Christine Blasey Ford Offers a Lead to Investigators About Timing of Assault

Before a break in the hearing, Christine Blasey Ford recalled that she ran into Mark Judge about six to eight weeks after the assault while he was working at the Potomac Village Safeway. Someone, she suggests, could establish roughly when the attack took place by finding out when Mark Judge worked there during high school.

As Jane Mayer of The New Yorker notes, Mark Judge’s memoir of his days as a teenage alcoholic describe working at a supermarket.

My colleague Peter Maass explains that Judge’s out-of-print memoir, “Wasted” chronicles “a history of drunken aggression toward women.” As Peter just noted, Judge’s book suggests he only worked at the supermarket for “a few weeks.”

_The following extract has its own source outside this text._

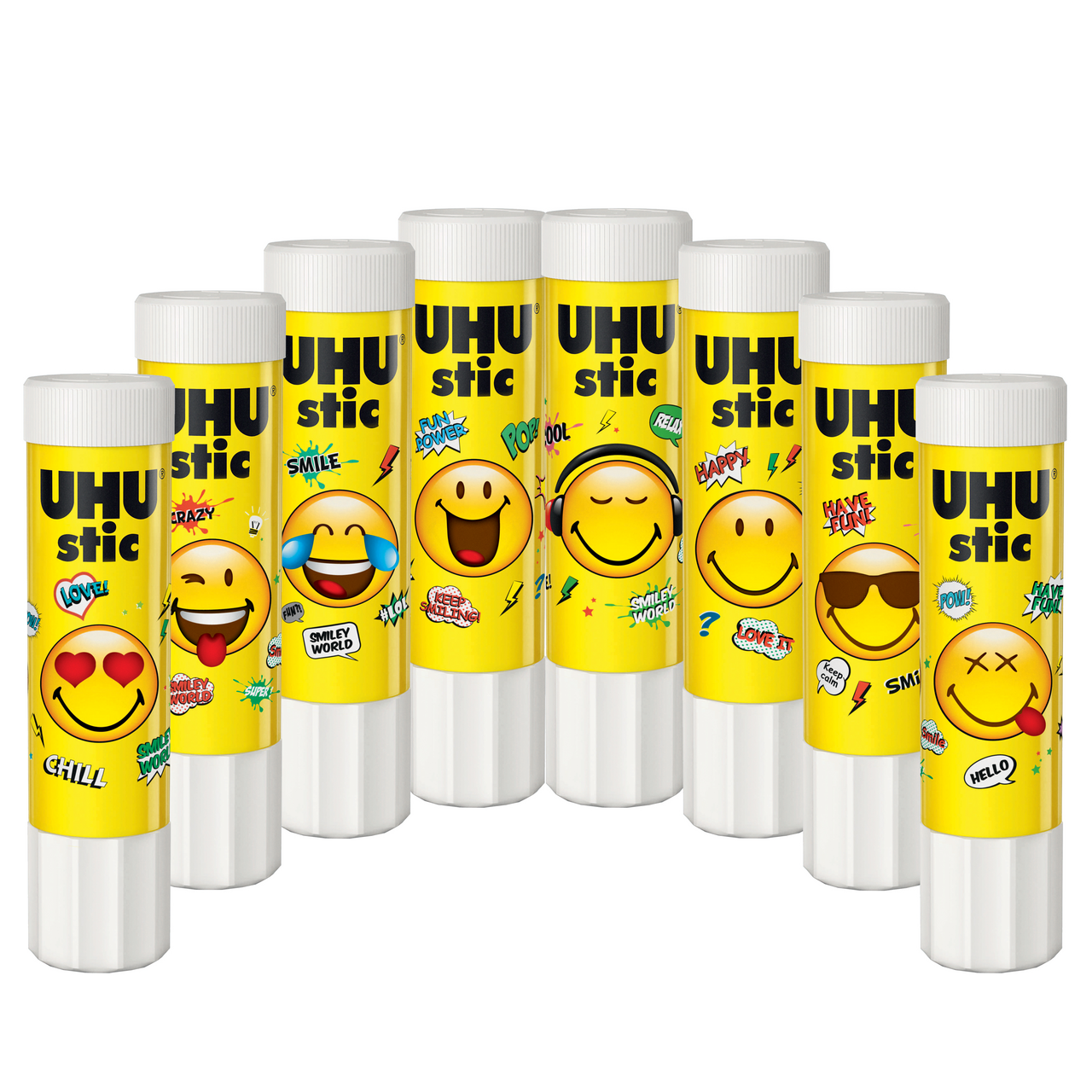 UHU SMILE лимитированная коллекция в 4х дизайнах, с использованием элементов тренда ИМОДЖИ. Уникальный, завинчивающийся колпачок надежно предохраняет клей от высыхания в течение четырех лет. Клей легко наносится и распределяется по поверхности, оставляя тонкий и ровный слой. Экономичный расход. Не деформирует бумагу, безвреден, без запаха, смывается водой.

Christine Blasey Ford Can Never Forget “the Laughter” of Brett Kavanaugh and Mark Judge During the Assault

Asked by Sen. Patrick Leahy what she remembers most of the assault, Ford said: “Indelible in the hippocampus is the laughter, the uproarious laughter between the two — their having fun at my expense.”

This seems to underscore Lili Loofbourow’s observation in Slate that “The awful things Kavanaugh allegedly did only imperfectly correlate to the familiar frame of sexual desire run amok; they appear to more easily fit into a different category — a toxic homosociality — that involves males wooing other males over the comedy of being cruel to women.”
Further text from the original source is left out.